Sam smiled fondly at Gunnar. “You big galoot,” he said, good-humoredly. “You can’t stand to be ashore two days without getting landsick.” He turned his gaze back to Jerry James. “You know,” he said, “I think I’ve got just the thing to take down that swelling some and ease the pain, too.”

“What’s that?” Sandy asked.

“Well, seeing as how you must have swallowed a couple of bucketfuls of it yourself not long ago, I’ll tell you. It’s lake water!” He leaned out into the passageway and called, “Hey, one of you lads, get up above and fetch us a bucket of lake water, hear?” Then he grinned, plainly enjoying himself. “All you have to do is stand on deck until the first wave comes along!”

In another five minutes, Jerry James had been carefully lifted into a sitting position by Gunnar and his sprained right foot had been thrust into a bucket of cold Lake Erie water.
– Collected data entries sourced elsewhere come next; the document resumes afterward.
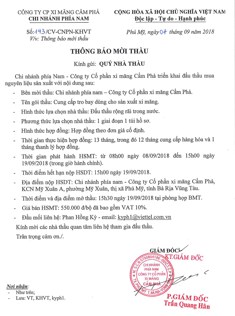 Thông báo mời tham gia đề xuất cung cấp tro bay sản xuất xi măng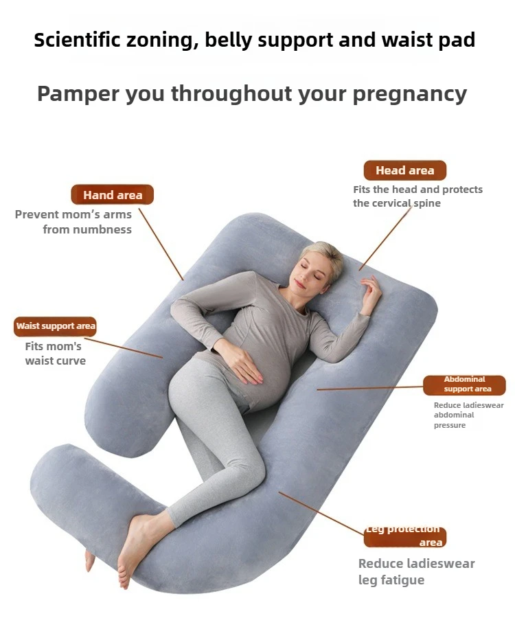 Almohada de maternidad ajustable en forma de U para mujeres embarazadas, soporte de lactancia multifuncional, cojín lateral lavable para dormir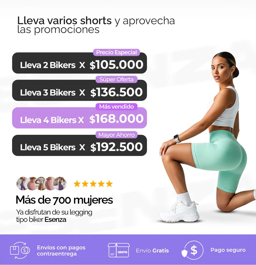 Los Bikers Esenza están diseñados para brindarte seguridad y confianza en cada movimiento. Confeccionados en Suplex de alto gramaje (390g), combinan suavidad y resistencia para ofrecerte un ajuste tipo segunda piel que no transparenta ni se deforma con el uso. Su fajón de doble tela de 12 cm estiliza y contiene el abdomen sin apretar, mientras que el corte anatómico realza naturalmente los glúteos. Versátiles y elegantes, son la prenda ideal para entrenar, salir a la calle o crear looks athleisure modernos.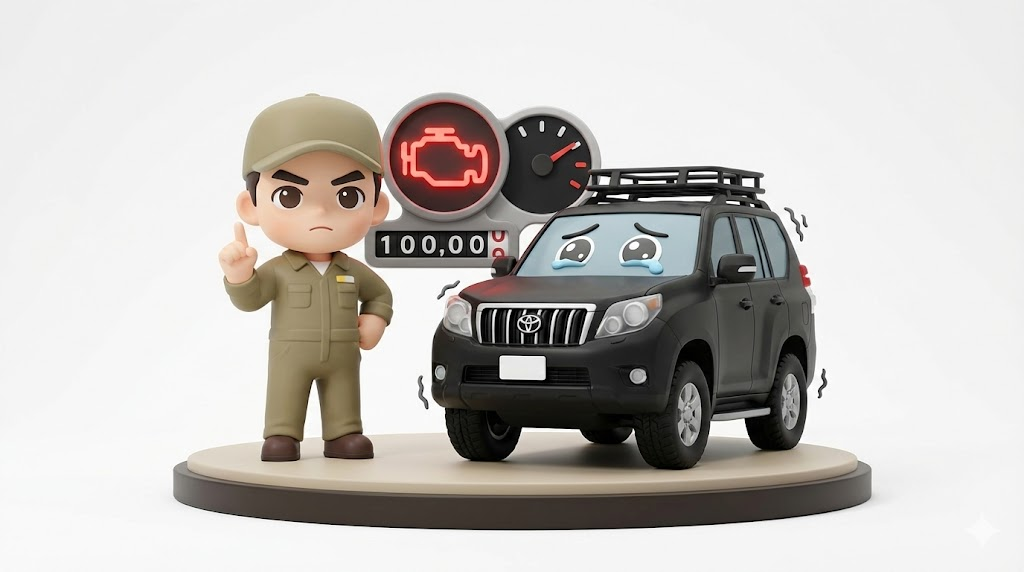 彼らは10万kmを超えたプラドが、工場のリフトに上げられ、インジェクター交換やDPF洗浄で数十万円の整備を受けている姿を裏で見ています。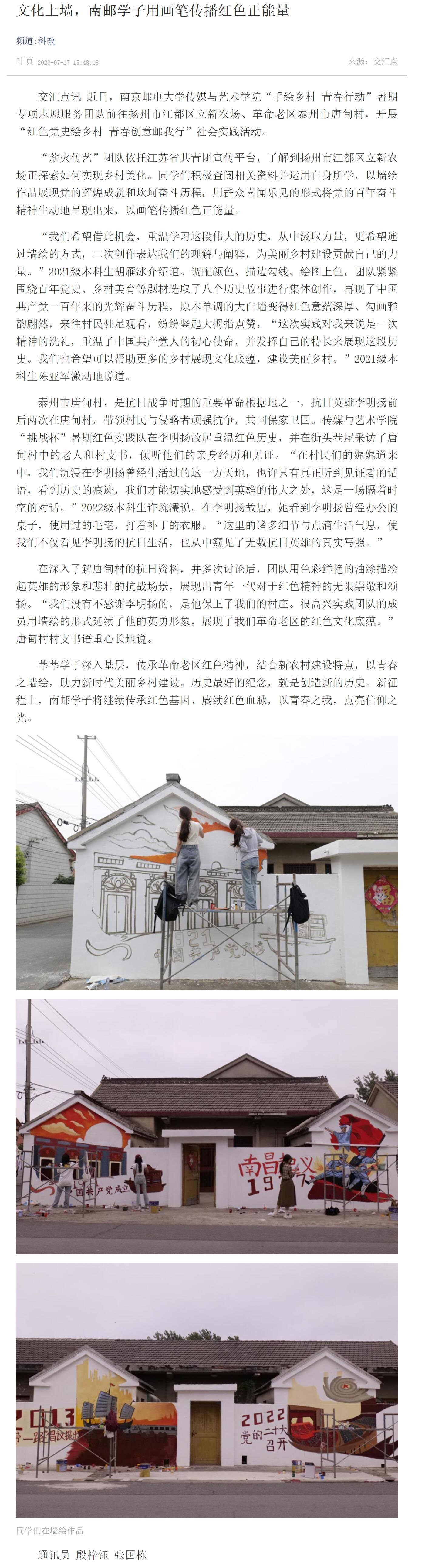 【新华日报客户端】文化上墙,南邮学子用画笔传播红色正能量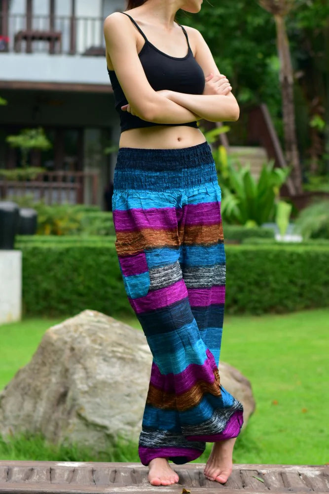 Our women's harem pants with elasticated waists are designed to fit and flatter a variety of body types, ensuring you feel confident and comfortable. Made from high-quality Royal Thai Rayon, these pants are perfect for yoga, lounging, festivals, and everyday wear.
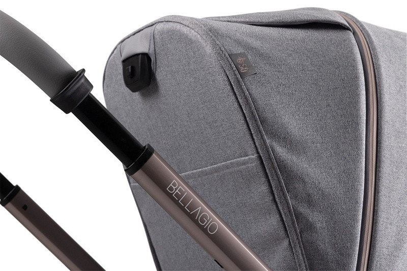 Коляска Bellagio — это произведение дизайна: от роскошных анодированных трубок до металлического значка Chicco и тканей с покрытием — каждая деталь была тщательно продумана, чтобы сделать коляску уникальной.

Jerry had winced at his first contact with it, but he soon grew accustomed to it. In half an hour more, the swelling had gone down considerably and Jerry was able to turn in with his ankle swathed in strips of sheeting soaked with water.

“Keep dousing it with water every hour or so,” Sam had suggested to Sandy.

Then Sam and Gunnar had trudged back to the barren mess hall to join the rest of the crewmen who squatted glumly against the bulkheads, munching the hard biscuits and cold water passed out to them by a Cookie who seemed to have lost his usual cheerful spirits.